I blinked. Once. Twice. Tried to stay professional.
“You brushing your teeth while half-naked in a crisis?” I asked flatly.
He shrugged, foamy. “Multitasking. Want eggs?”
“I want answers.”
He winked. “Scrambled it is.”
Ten minutes later, we were seated on the resort’s private terrace — fake-laughing like a couple in love while sipping pineapple juice and eating croissants stuffed with secrets.
“You sleep okay?” he asked, eyes on me, voice playful.
“I slept like a woman who survived her fifth assassination attempt this year.”
“So... like a baby?”
I snorted. “A baby being hunted by mercenaries, yes.”
“Your sarcasm,” he said, “is oddly attractive.”
“And your flirting,” I said, biting into toast, “is a red flag.”
He leaned closer. “You kissed me first.”
My cheeks went warm. “That was for the mission.”
“Sure it was.”
I glared. “Are we going to decode who tried to blow me up or flirt over carbs?”
“Both,” he said, smiling.
Shipment ETA: 48 hours. Client confirmed. Final drop = Blue Pearl (Room 702). KILL THE GIRL IF SHE INTERFERES. —E.M.
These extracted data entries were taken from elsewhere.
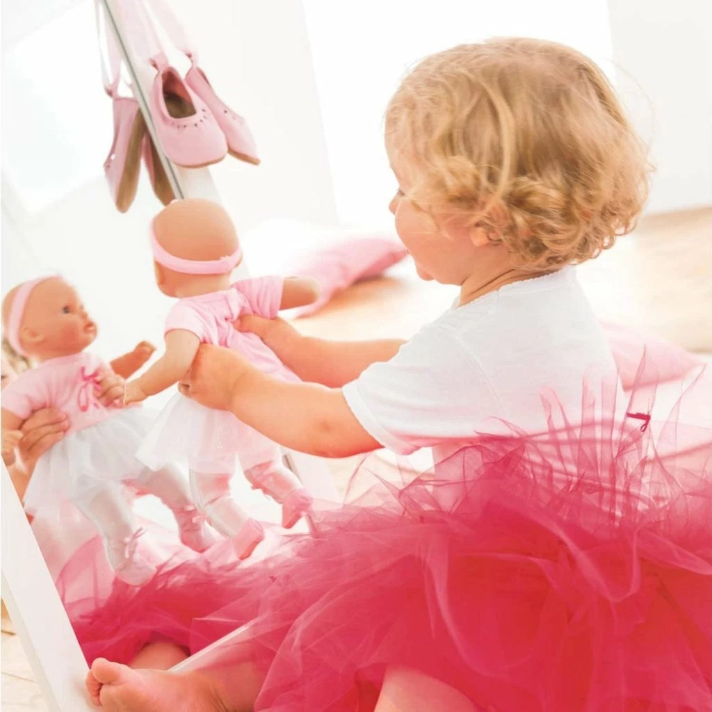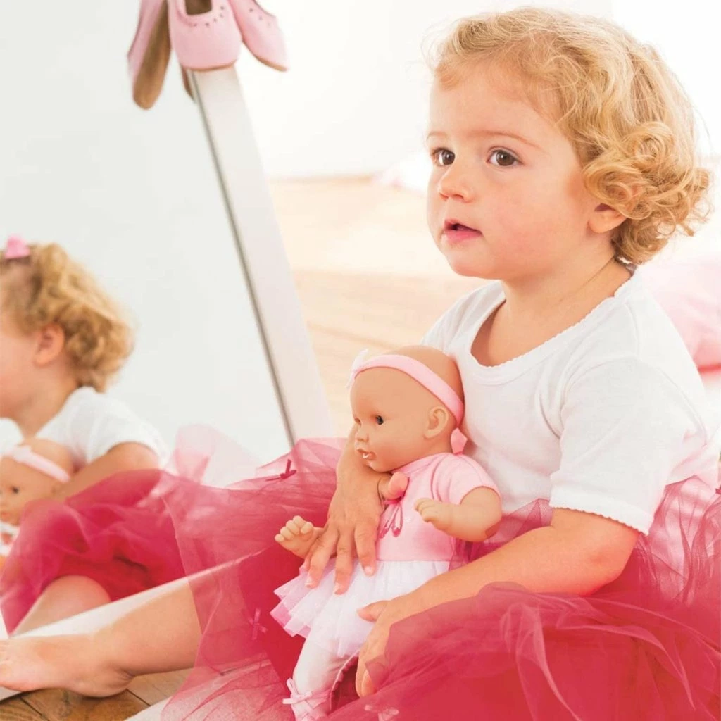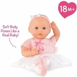 Mon Premier Bรฉbรฉ Calin Ballerina from Corolleยฎ is the ideal first baby doll for the littlest mommies. Its soft beanbag body invites cuddling and can be posed like a real baby for creative pretend play. Designed in France and part of the Mon Premier Collection for ages 18 months and up, this 12-inch baby doll is just the right size to cradle in a young child’s arms. It has soft-to-the-touch, vanilla-scented vinyl skin and open-and-close eyes. Mon Premier Bรฉbรฉ Calin Ballerina wears an all-in-one-piece ballerina fashion that’s easy to put on and take off. She is recital-ready in leotard, tutu, tights and pink slippers with ribbon laces.
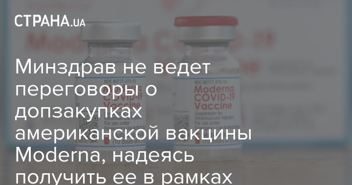 Министерство здравоохранения Украины, которое разрешило комбинировать в Украине вакцины Moderna и Pfizer, не ведет переговоры о дозакупке ковидной вакцины Moderna, но надеется на дополнительные поставки этой вакцины в рамках программы COVAX.
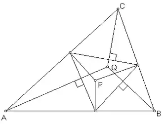 - Neem de voetpuntsdriehoek van P. De lijnen door de hoekpunten van ABC loodrecht op de corresponderende zijden van de voetpuntsdriehoek snijden elkaar in de isogonaal verwante van P,
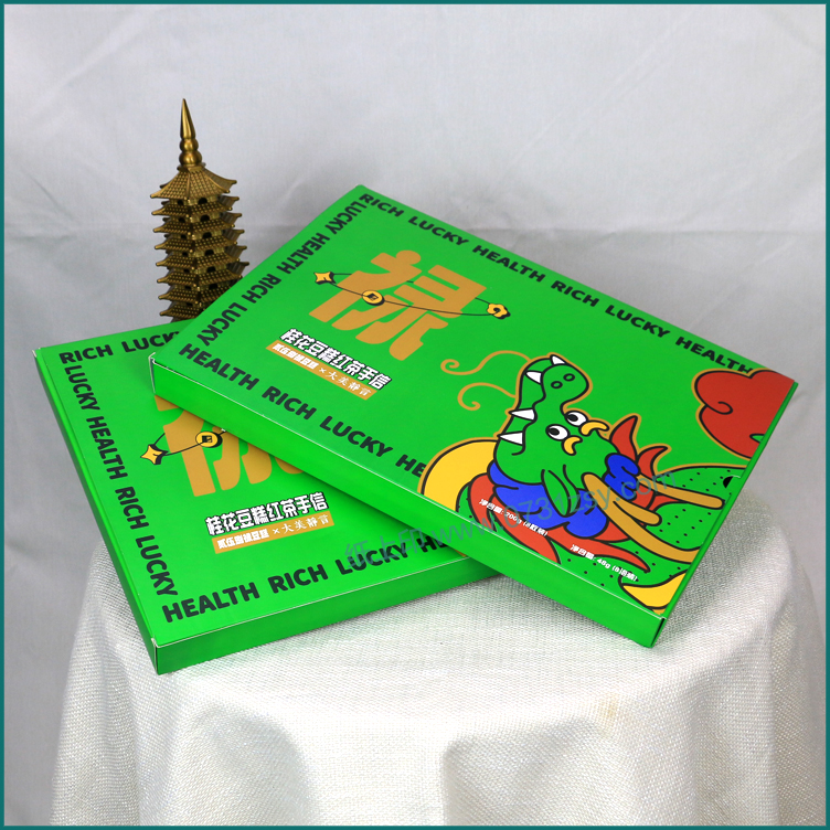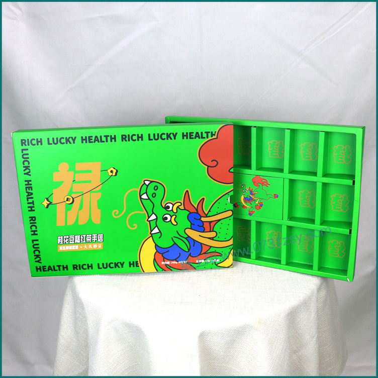 此款食品包装盒印刷由长沙包装印刷厂毅丰制作而成,这款包装盒是一款较个性张扬的食品包装,盒子主色绿色足够吸引眼球,盒型为抽屉盒,里面也是同款材质的内衬可放置16个产品,起到很好的摆放效果。整体包装盒材质精选白卡纸印刷制作,广泛适用于农产品包装盒订制,食品包装盒印刷,特产包装礼盒制作等礼品盒包装印刷。

I blinked, reading the screen twice.
Room 702 wasn’t mine.
It was Leo’s.
<<<<<
Leo’s POV.
She didn’t say anything for a solid minute.
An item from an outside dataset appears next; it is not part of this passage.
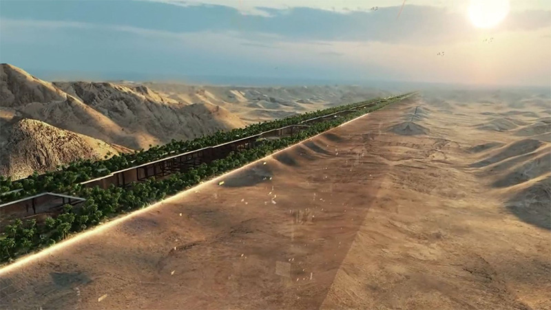 Según documentos de planificación confidenciales a los que accedió The Wall Street Journal, la construcción se ubicaría en forma de línea sobre el terreno costero, montañoso y desértico. El también denominado Mirror Line (Línea de Espejos) tendrá un costo de un billón de dólares.
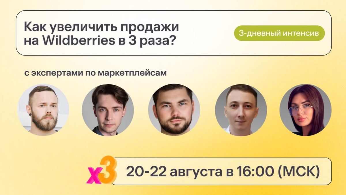 20-22 августа ждем всех на бесплатном интенсиве по росту продаж на WB. Топ-спикеры, актуальные стратегии, полезные гайды и розыгрыш 6 месяцев подписки на сервис аналитики - все это ждет участников уже на этой неделе! Как запрыгнуть в последний вагон подготовки к сезону высоких продаж и обеспечить себе самый прибыльный квартал в истории вашего бизнеса на WB? Присоединяйтесь к 3-дневному интенсиву от экосистемы для селлеров «Маяк»: 🔥 Как увеличить продажи на Wildberries в 3 раза? На бесплатном интенсиве топ-эксперты по маркетплейсам разберут все аспекты для кратного роста: от оформления карточки до настройки РК. Знакомьтесь с программой: 20 августа в 16:00 — «Секреты карточки, которая продаёт на миллион»

Just stared at me with that sharp stare that could either strip a man down or stab him in the chest.
“Leo...” she said slowly, voice calm but dangerous, “...why do they want you dead too?”
I sighed. “Because I’m not just a surf instructor.”
“I know that.”
“I’m not just an ex-Marine either.”
“I know that too.”
“I’m CIA. Deep cover. Embedded four months. Investigating the cartel.”
Zara blinked. “CIA?”
I nodded. “And you?”
She lifted her glass. “Classified.”
We stared at each other.
Enemy? Ally? Lover?
Who the hell knew anymore?
But one thing was clear.
Someone was playing both sides.
That night, we didn’t sleep.
We set up motion sensors. Wrote down names. Checked facial recognition logs.
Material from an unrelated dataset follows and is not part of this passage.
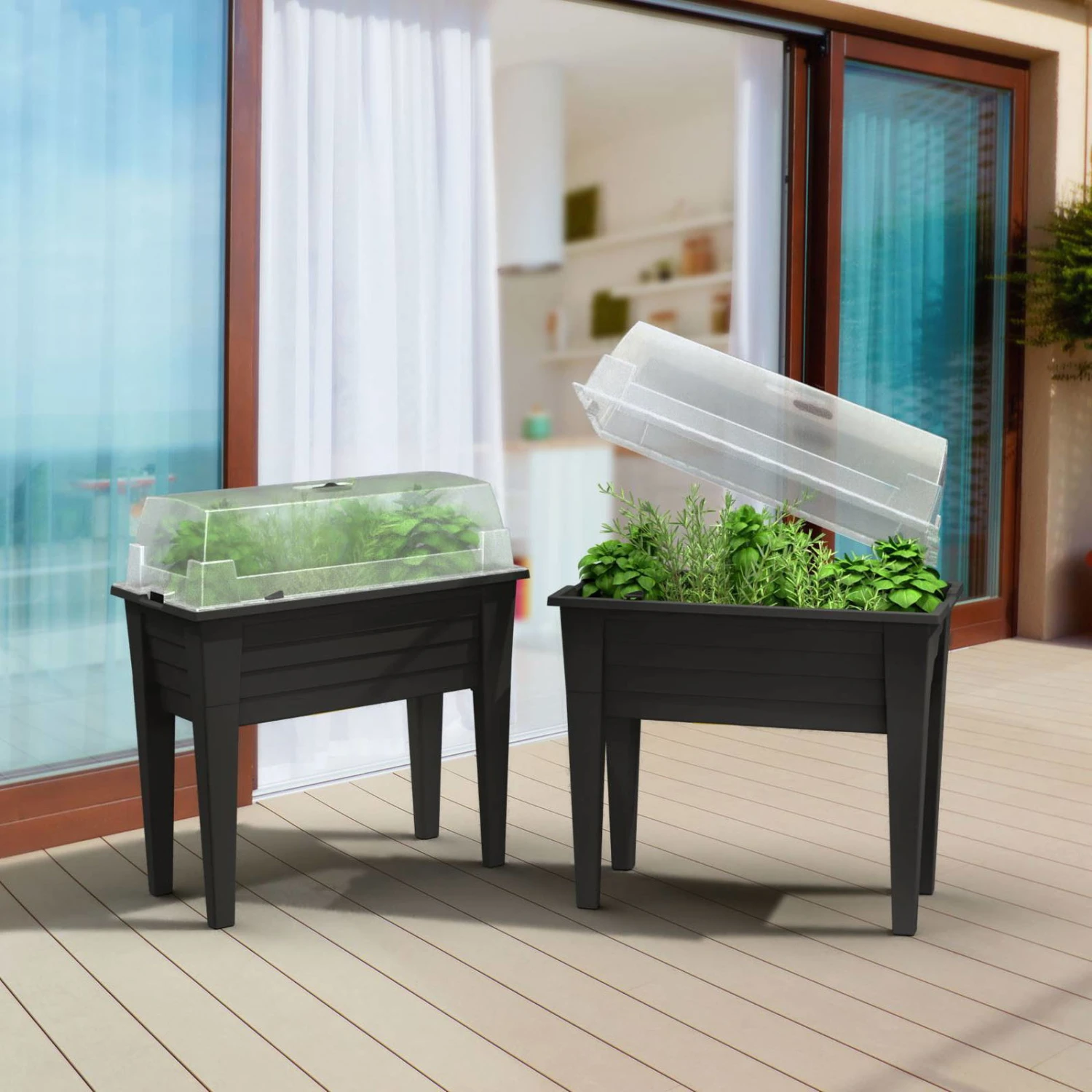 Pflanzkasten aus witterungsbeständigem Kunststoff (Polypropylen) zum Anziehen und Anbauen von Kräutern, Gemüsepflanzen, Blumen, etc. Die ergonomische Arbeitsfläche des Hochbeets für den Garten, die Terrasse oder den Balkon erleichtert die Pflanzarbeiten und die Pflanzenpflege. Die belüftbare Abdeckhaube sorgt für bestes Klima und trägt dadurch zu einem schnelleren Pflanzenwachstum bei.

I looked at her sometime around 3 a.m., when she was curled on the couch with blueprints on her lap, hair messy, eyes glowing.
“You don’t stop, do you?” I said.
She looked at me. “Stopping gets people killed.”
“And kissing?” I asked.
She smirked. “That just complicates things.”
Then she leaned forward. “You ever think this mission... might be bigger than both of us?”
I nodded. “And deadlier.”
We were no longer chasing a smuggling ring. We were swimming in it. And paradise? Was about to burn.